David Milliken joined the Hutton Settlement Children’s Home in June 1997 and has since served in various child welfare roles including case management, education, and organizational leadership. His formal education in psychology and leadership provides the foundation for his work in youth development and community resilience. Specifically, Milliken focuses on fostering lasting lifelong connections with youth who have faced family hardship and displacement in the Inland Northwest. In 2005, he founded the SALUTE program on the Hutton Settlement campus to provide sustainability education, creative arts, and leadership development for all residents. Over the years, the program has exposed the youth to local food justice efforts through the campus farm, global social action projects in Thailand and Mexico, and various outdoor adventures throughout the Pacific Northwest. Milliken currently serves as the director in residence at the Hutton Settlement Children’s Home with a focus on developing a transformational community of care.

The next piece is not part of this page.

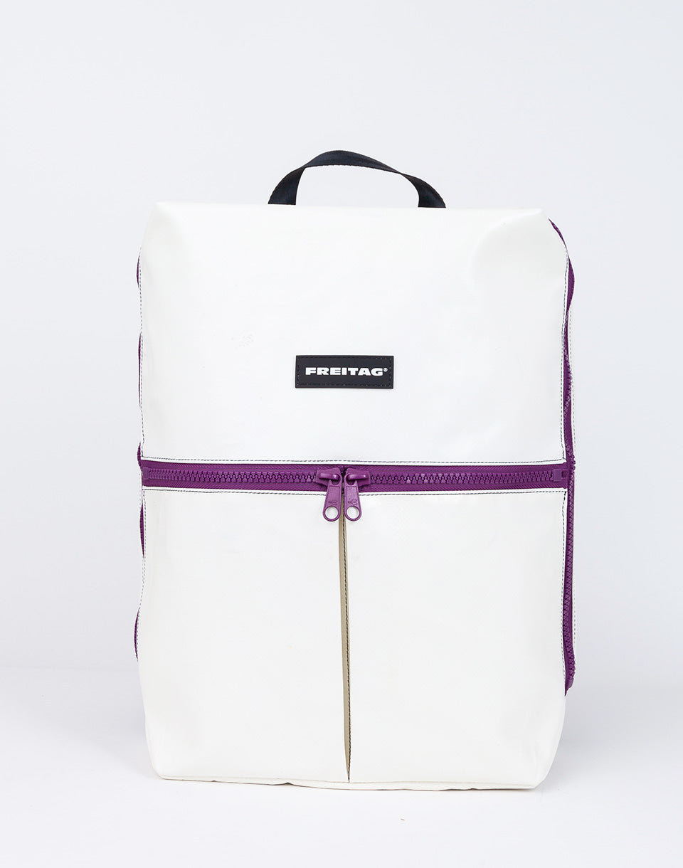 FREITAG F49 Fringe - a unique Swiss handmade backpack made from used truck tarps and recycled seat belts.

Sergeant Mamie Lanford Singleton

Founder and Director, Youth Initiative Mentoring Academies (YIMA)

Sergeant Mamie Lanford Singleton was born in Winsboro, SC. Sgt. Singleton retired after 29 + years serving in patrol, investigative, and administrative divisions of the St. Paul Police Department. Sgt. Singleton was one of the first African American females in Minnesota law enforcement and served as one of the first female field training officers. She then worked in Washington, DC with Homeland Security. She studied in the Criminal Justice program at St. Thomas College, Southern Police Institute, Louisville, KY, Concordia College, Saint Paul, and U of M. Active in church and community, Sgt. Singleton is the founder and director of the non-profit Youth Initiative Mentoring Academies (YIMA) which partners law enforcement and community adult mentors with at-risk youth in mentoring and Aviation Flight Training. She invests retirement funds and personal resources to ensure the needs of YIMA are met and to provide a brighter and better future for the youth. She’s a founding member of the Ramsey County Community Sentencing Program, co-founder of the African American Breast Cancer Alliance of Minnesota, board member of the Minnesota Association of Black Physicians, a licensed Evangelist Missionary, and past Assistant District Missionary of the Capitol City District, MN Jurisdictional C.O.G.I.C. St. Paul’s Mayor presented Sgt. Singleton with the City’s Karl Neid award in 2002. Sgt. Singleton owns and operates a private investigative firm licensed in Minnesota.

 

The National Mentoring Summit, convened by MENTOR, is the only national forum that brings together practitioners, researchers, corporate partners, government and civic leaders, national youth-serving organizations and the network of affiliate Mentoring Partnerships to explore and advance mentoring’s positive impact on individuals and communities.